Abrirse a esta socialización implica investigar la dimensión no lineal del legado patrimonial y crear estrategias para analizar la multitemporalidad y el dinamismo de su propia existencia como fuente documental (Barreiro Martínez y Criado Boado 2015). En nuestra opinión, es fundamental conectar los planteamientos de los valores patrimoniales por parte de académicos con los discursos y narrativas que genera la sociedad cuando construye sus espacios, aunque esto, en ocasiones, no sucede de forma espontánea. Esta falta de diálogo proyectivo podría mejorarse si se creasen espacios de interconexión entre distintos agentes, donde se trabaje desde una óptica multidisciplinar aplicada; que conjuguen distintas técnicas y métodos etnográficos o sociológicos, entre otros (Pastor Pérez y Ruiz Martínez 2018).
La comunidad experta parece haber encontrado un oxímoron, a modo de tensa calma, en la creación de procesos participativos y en la implementación de la noción de soberanía compartida para las agendas y políticas culturales (Sánchez-Carretero et al. 2019), que cada vez son más frecuentes, y en algunos casos obligatorias, para desarrollar proyectos. Supuestamente estos procesos resaltan los valores sociales del patrimonio, a modo de narrativas y significados compartidos, ya que la toma de decisiones en sí misma supone priorizar unos intereses o valores sobre otros. En contrapartida, estos procesos pueden en muchos casos politizarse o dirigirse, de modo que sirvan para refrendar decisiones administrativas unilaterales sobre qué debe conservarse y qué debe perecer por parte de las autoridades (Pastor Pérez 2019).
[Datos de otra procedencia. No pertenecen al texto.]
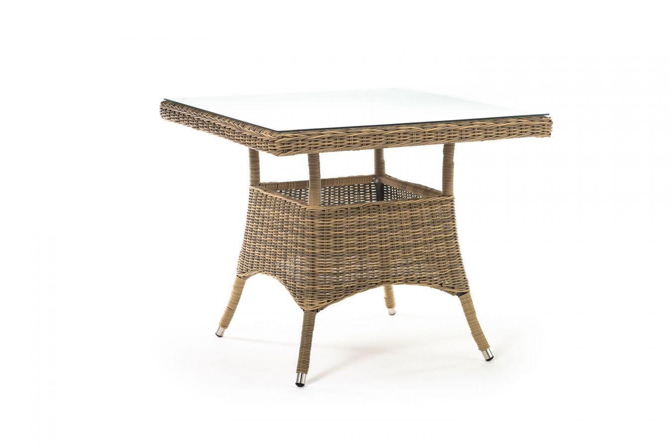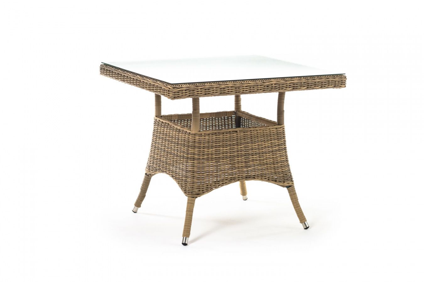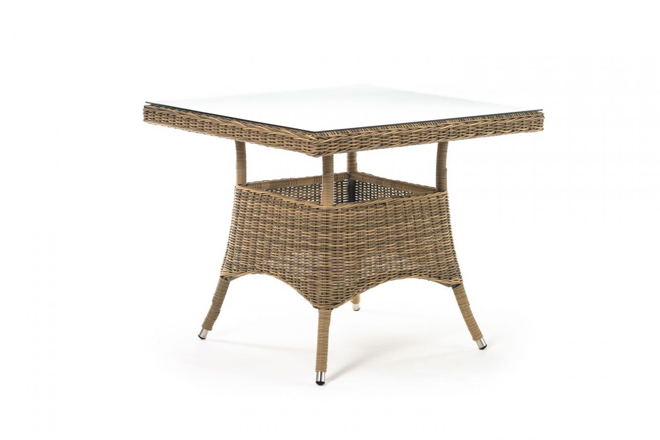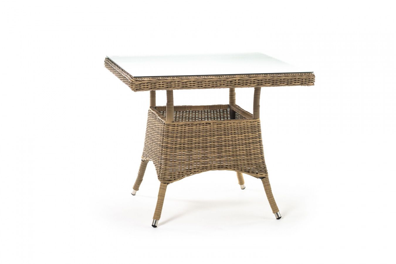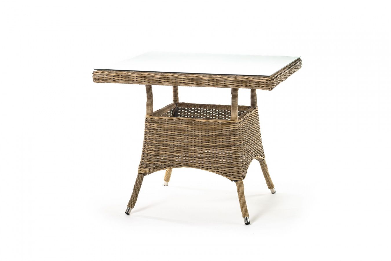 Каркас изготовлен из прочного алюминия, вручную оплетенного круглым искусственным ротангом натурального соломенного оттенка. В качестве столешницы использовано ударопрочное стекло, толщиной 5 мм. На стол можно ставить горячие тарелки и чашки, не опасаясь деформации покрытия.
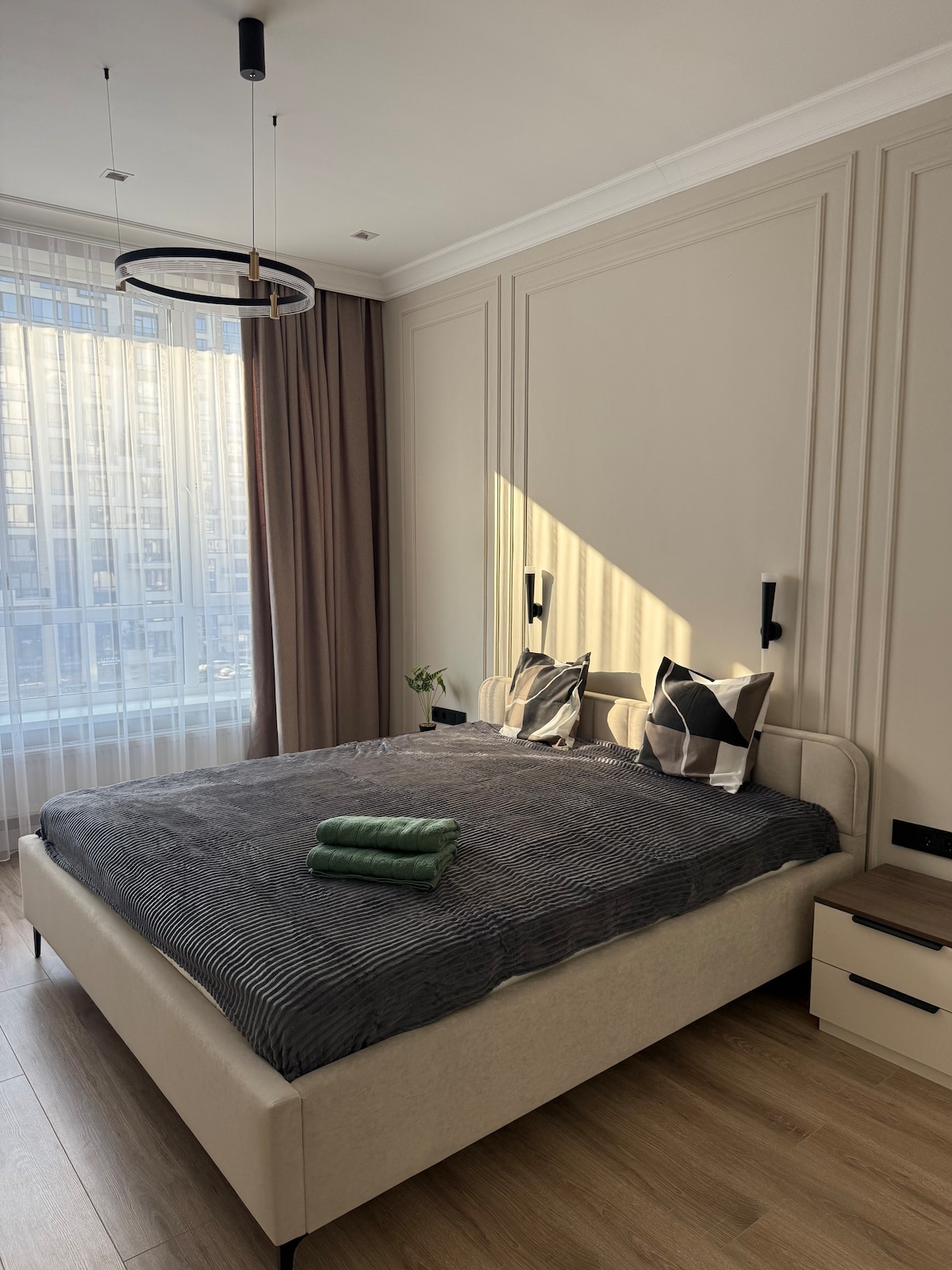 Enjoy your stay in the city centre with a panoramic view of the Zailiyskiy Alatau mountains. Stylish flat in the Arbat business class residential complex, located in the historical centre of our city.

Como mencionamos, este trabajo busca analizar en clave reflexiva cómo las categorías de valor más estáticas o tradicionales han ido mutando hacia posiciones más dinámicas y sociales, más comprometidas con una visión del patrimonio cultural que contribuya a generar bienestar social.
Los valores estéticos, históricos y estáticos
Comenzaremos esta reflexión abordando los valores históricos y estéticos, que fueron los primeros en ser apreciados en Europa a inicios del siglo XX (Riegl 1903), y que se centraban en un reconocimiento del objeto o monumento por haber sobrevivido al paso del tiempo o por representar una serie de cualidades técnicas que reflejan la evolución de las habilidades humanas de fabricación o artesanía. Antiguamente, en Europa, la conservación de monumentos recaía principalmente en miembros de la monarquía, la aristocracia y las clases dirigentes, que, junto con la Iglesia, aportaban, entre otras cosas, la financiación para ello, como lo demuestran los varios edictos de los siglos XVII y XVIII realizados en Italia (Baldwin Brown [1905] 2011, 130).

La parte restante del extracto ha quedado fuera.